Great post - helped me out in a pinch with a client, as we were having issues with KWizCom, their support, and, their product…
Question - any thoughts on how to extend this to MS Office documents? I’ve done loads of searching, and have found nothing so far…
Thanks!
Hmm. Yes, I don’t know about hit highlighting within Office documents - is that even possible?
The PDF highlighting was only possible because the Adobe Reader browser plugin would search based on a query string parameter, so essentially, it’s a feature of the client side application. I’ve never seen something like that in Office, I’m afraid!
On the other hand, though, maybe you just mean hit highlighting in the search results page itself? If so, MOSS 2007 does this out of the box! This article shows you how to set up hit highlighting on document titles:
http://www.novolocus.com/2008/05/19/hit-highlighting-in-sharepoint-search-document-titles/
However, if you look at the XML you get back from the Search Web Service, you’ll see something like this:
http://www.novolocus.com/wp-content/uploads/2008/05/hit-highlighting-properties.png
Note that (although not highlighted) there is a Hit Highlighted Summary section, as we as Highlighted Title and URL.
So, just edit your XSL for your Core Results Web Part to use them. Well, I say ‘just’ - it’s a bit complicated, but I’m sure you can figure it out.
Andy - thanks for the response. I have hit highlighting working as needed, as well as the PDF highlighting thanks to your article. Office docs can be done - just not sure how.
KWizCom, as I had mentioned, does do it (http://www.kwizcom.com/ProductPage.asp?ProductID=28&ProductSubNodeID=79) however, their product did not fit the needs that my client had, and they ended up breaking functionality in a release, and then eventually stopped responding to queries…
I suspect the way they are opening PDFs via their utility is the same thing you are doing, they also can support other office docs as well.

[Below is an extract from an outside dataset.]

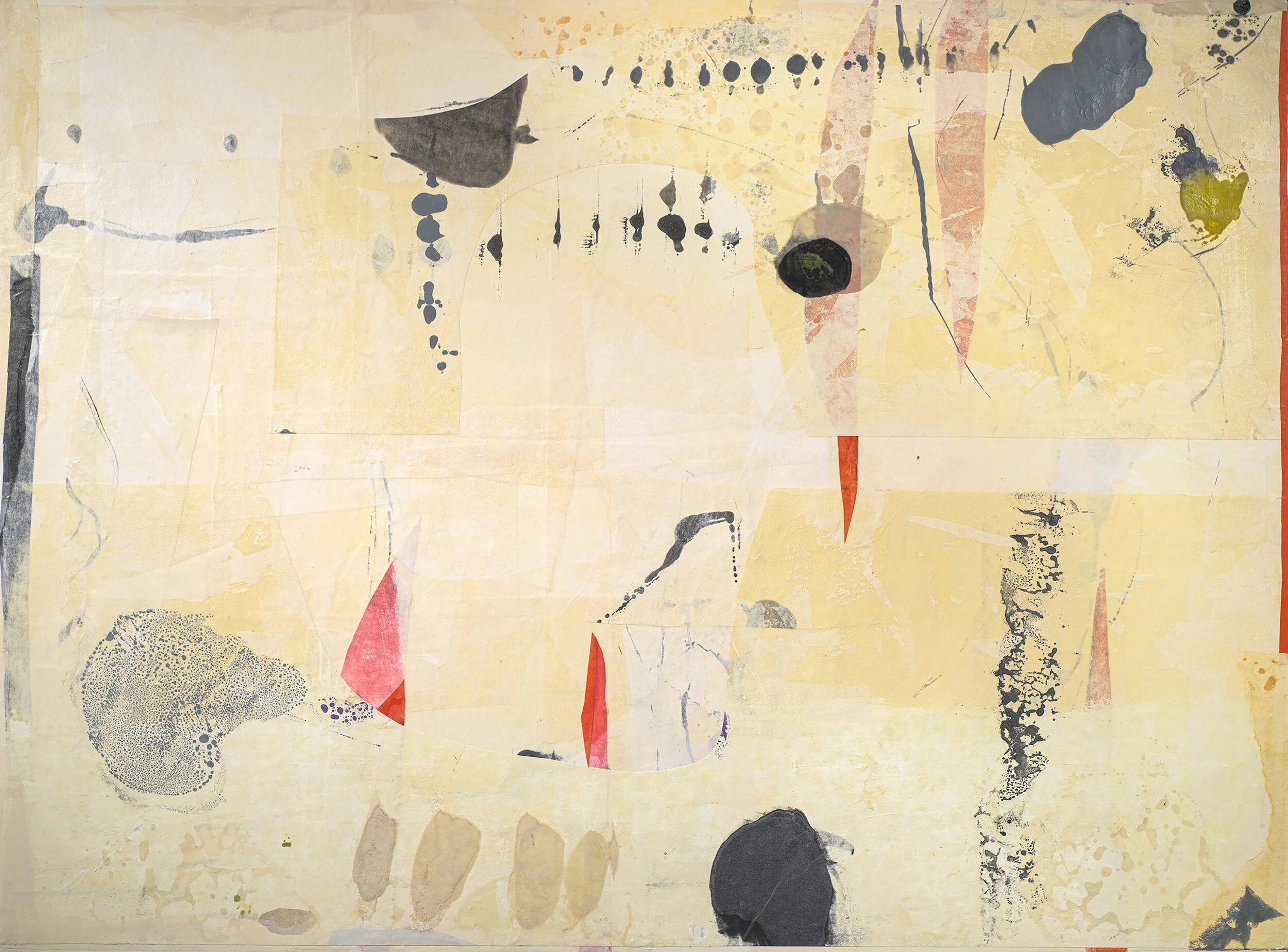 In 1998 I was introduced to encaustic and it was an instant love affair that continues to sustain my studio practice. Encaustic is heated beeswax to which pigments are added to create a translucent and luminous surface. It is applied to a rigid substrate like a wood panel. I also use encaustic painted on a hotbox to make monotypes on paper. This allows me to work quickly and not overthink the process. Learning to trust myself to be in the moment, reacting without controlling the outcome has been challenging, but yields my strongest work. I just finished a project this month where I created thirty drawings using encaustic and ink, selling them on Instagram to raise money for the Food Bank of Monterey County. I made one a day and set parameters on time spent, palette and size which meant I couldn't overwork. I'm really pleased with most of the drawings because of their freshness and spontaneity.

That code however is locked away in compiled code, so, I was hoping maybe you had an idea if there was any sort of query string voodoo that you knew of that did that.
If I do come across anything that can do it, I’ll post back here to share!
Hi andy i am a novice developer,had a problem statement in the same context.
I am crawling pdf files using another search engine crawler,and when i click on a link on the search results page it has to guide me to the location where it is located on the pdf(highlighting also).
I tried with the following link but it is opening the search UI but i have to manually enter the keyword again to go to the particular location (actually it has to automatically be redirected to that location)
url entered:
search
Can you guide me to how this solutiion posted above is of use to this context.
Hmm. Your link came through empty. Try just typing in the URL - e.g.
http://someserver/restofurl
The important bit is making sure the URL end in #search=’query’
i already ry this soluion. it help me alot.
but a face a problem.
my problem is, not at all pc(user) can get this kind of result.
some of user, when they click the result, the document automaticly open in acrobar reader and make the higlight fail to function.
but at some user, which the document just open at the browser, the highliht function will success.
is there any step or way to prevent the document to open at adobe reader and just open at browser.